Forum for Science, Industry and Business

Sponsored by:     3M 
Search our Site:

 

Savanna habitat drives birds, and perhaps others, to cooperative breeding

20.08.2007
Unpredictable savanna rains may have led to cooperation among birds, study finds

Delaying having kids to help raise the offspring of others seems like a bad choice if you want to reproduce, but many African starlings have adopted this strategy to deal with the unpredictable climate of their savanna habitats, according to a new study by University of California, Berkeley, and Cornell University biologists. It appears in the Aug. 21 issue of the journal Current Biology.

This behavior, called cooperative breeding, is typical of many animals, from insects and shrimp to birds and even humans, but the reasons underlying its evolution and distribution among such a wide array of species have been unclear.

In the new study, behavioral ecologist and evolutionary biologist Dustin Rubenstein, a Miller Fellow in the Department of Integrative Biology and the Museum of Vertebrate Zoology at UC Berkeley, looked at the complete group of African starlings and found that all of the cooperative breeders among these birds live in savannas - highly seasonal habitats with great variation in rainfall, and thus food, from one year to the next. The species that do not engage in cooperative breeding are found mostly in forests, which have more reliable annual food resources.

"Faced with an uncertain and unpredictable environment, it pays evolutionarily to live and breed in social groups that will help you weather the bad times and make the most of the good times," he said. "Living in cooperative family groups may be like a form of insurance against the unpredictable nature of the environment, because it allows individuals to maximize their reproductive success over the course of their lifetimes."

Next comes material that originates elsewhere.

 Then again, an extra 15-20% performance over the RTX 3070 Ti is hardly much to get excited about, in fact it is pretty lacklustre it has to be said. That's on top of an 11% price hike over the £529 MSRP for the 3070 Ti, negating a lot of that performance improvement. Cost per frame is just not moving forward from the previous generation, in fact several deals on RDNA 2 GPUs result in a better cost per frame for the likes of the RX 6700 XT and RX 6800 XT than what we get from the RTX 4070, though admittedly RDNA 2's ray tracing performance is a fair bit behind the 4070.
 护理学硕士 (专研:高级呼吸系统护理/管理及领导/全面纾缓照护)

Cooperative breeding is defined as one member of a group delaying breeding to assist another breeding couple. Because cooperative groups in most birds consist of extended families with grandparents, parents, offspring and other close relatives, helpers are typically related to the group members. Among most birds, females leave the group to try to breed elsewhere, so it is the males who often hang around for a year or two as helpers, primarily bringing food to the nestlings. Although they may occasionally breed with females in the group, the helpers often don't reproduce until later in life.

Helping relatives feed their kids increases the chances of passing on some of your genes, since siblings share a large proportion of their DNA. Yet, despite decades of research, it is still not clear why some animal species, including nearly 10 percent of bird species worldwide, show this apparently altruistic behavior, while other closely related ones do not.

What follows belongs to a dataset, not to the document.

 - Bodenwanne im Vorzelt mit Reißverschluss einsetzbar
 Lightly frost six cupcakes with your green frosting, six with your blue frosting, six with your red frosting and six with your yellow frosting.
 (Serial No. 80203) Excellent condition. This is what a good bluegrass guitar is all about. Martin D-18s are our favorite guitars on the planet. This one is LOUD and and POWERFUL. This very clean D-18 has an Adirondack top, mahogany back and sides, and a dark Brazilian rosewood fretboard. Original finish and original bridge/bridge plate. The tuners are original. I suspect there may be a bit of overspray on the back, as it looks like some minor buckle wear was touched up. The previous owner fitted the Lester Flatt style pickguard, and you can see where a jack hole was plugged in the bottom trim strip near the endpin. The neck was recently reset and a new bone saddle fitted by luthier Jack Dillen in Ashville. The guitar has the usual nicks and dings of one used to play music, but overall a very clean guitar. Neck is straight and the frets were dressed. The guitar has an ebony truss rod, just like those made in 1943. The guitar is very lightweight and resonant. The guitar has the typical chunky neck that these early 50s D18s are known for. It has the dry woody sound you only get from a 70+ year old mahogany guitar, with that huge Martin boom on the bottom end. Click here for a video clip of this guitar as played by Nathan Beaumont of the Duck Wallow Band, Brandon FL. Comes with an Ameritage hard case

In an attempt to answer this question, Rubenstein looked at the 45 species of starlings endemic to Africa to see if there was any relationship between cooperative breeding and the environment in which the birds live.

"Starlings are a model system in which to test this question because they are one of the most socially diverse groups in the world, exhibiting a wide range of social systems and living in a variety of different habitats across Africa," said Rubenstein.

Of the 117 known starling species worldwide, those in Africa, where savannas are extremely common, are the only ones known to engage in cooperative breeding. Those in the more temperate or jungle environments of Europe, Africa and Asia, including the European starling Sturnus vulgaris introduced to America, do not.

For much of the past decade, Rubenstein has intensively studied the social behavior of a variety of starling species in Kenya, home to 26 species - the most of any country in the world. Noting an apparent correlation between cooperative breeding and habitat in this family, he decided to use this socially diverse group to test several hypotheses about how environmental factors may have influenced the evolution of cooperative breeding.

Rubenstein and colleague Irby J. Lovette, director of the Fuller Evolutionary Biology Program at the Cornell Laboratory of Ornithology in Ithaca, New York, constructed a family tree of the African starlings using DNA from samples they captured on expeditions to Africa, from birds housed in zoos and from museum specimens. They used this evolutionary tree to determine whether specific lineages were associated with savanna or non-savanna habitats.

"What's important here is how many times behavior changed," said Lovette. "If you find the same pattern consistently repeated, you can be confident of cause and effect. In this case, we found cooperative breeding evolved when different starling species moved from forests to savannas."

The researchers found that more than one-third of the African starlings are cooperative breeders, and all live in savanna environments - semi-arid grasslands characterized by unpredictable rainfall patterns. In contrast, they found that most of the non-cooperative species live in forests, which are much more predictable and stable environments.

"If we saw just a single evolutionary origin of the behavior and a single switch in habitat, it would be very weak evidence of a relationship between these factors. But we found that cooperative breeding and habitat changed repeatedly in the same direction at the same points in the tree, so we can make a much more powerful statistical argument that the factors are related," Rubenstein said.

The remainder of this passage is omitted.